Since then, scientific analysis by the Walters Art Gallery in cooperation with Dumbarton Oaks has proven that some Botkin enamels were indeed forgeries. Research into the iconography has demonstrated that the forgers used illustrations from earlier 19th-century catalogs and published studies as models for the Botkin enamels (for example, one of the known forgeries bears remarkable similarities to the illustrations of Abbé Ibach's 1858 study on the enamelled reliquary in Limburg an der Lahn). The final “nail in the coffin” was the recent discovery of papers of a master-designer for Faberge, Franz Birbaum, who was suspicious of the Botkin enamels.
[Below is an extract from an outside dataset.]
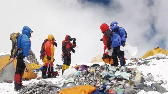 你随手丢弃的登山绳、空氧气罐、压缩饼干包装袋,可能需要清理人员冒着生命危险爬上险峰才能清理……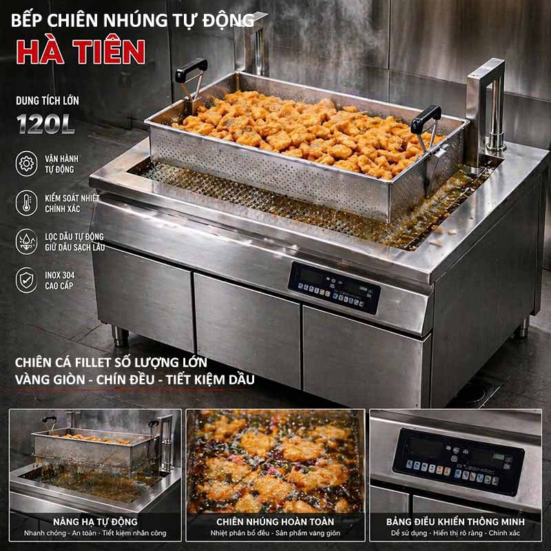 Trong các mô hình bếp ăn công nghiệp, nhà máy chế biến thực phẩm, chuỗi nhà hàng – khách sạn, nhu cầu chiên số lượng lớn nhưng vẫn phải đảm bảo món ăn chín đều, giòn đồng nhất, tiết kiệm nhân công là bài toán lớn. Bếp chiên nhúng tự động 120L Hà Tiên là dòng thiết bị chuyên dụng được thiết kế để giải quyết triệt để bài toán này.

Birbaum conducted a quiet investigation and discovered that one of the Faberge craftsmen, Petr Nikolayevich Popov, had been collaborating with a dealer in St. Petersburg to defraud Botkin. Popov confessed to Birbaum that approximately 150 of the 162 enamels illustrated in Botkin’s catalog were his own work.
Among the known forgeries is an enamel depicting St. John Chrysostom (1st row, center, plate 85) now in the Dumbarton Oaks collection.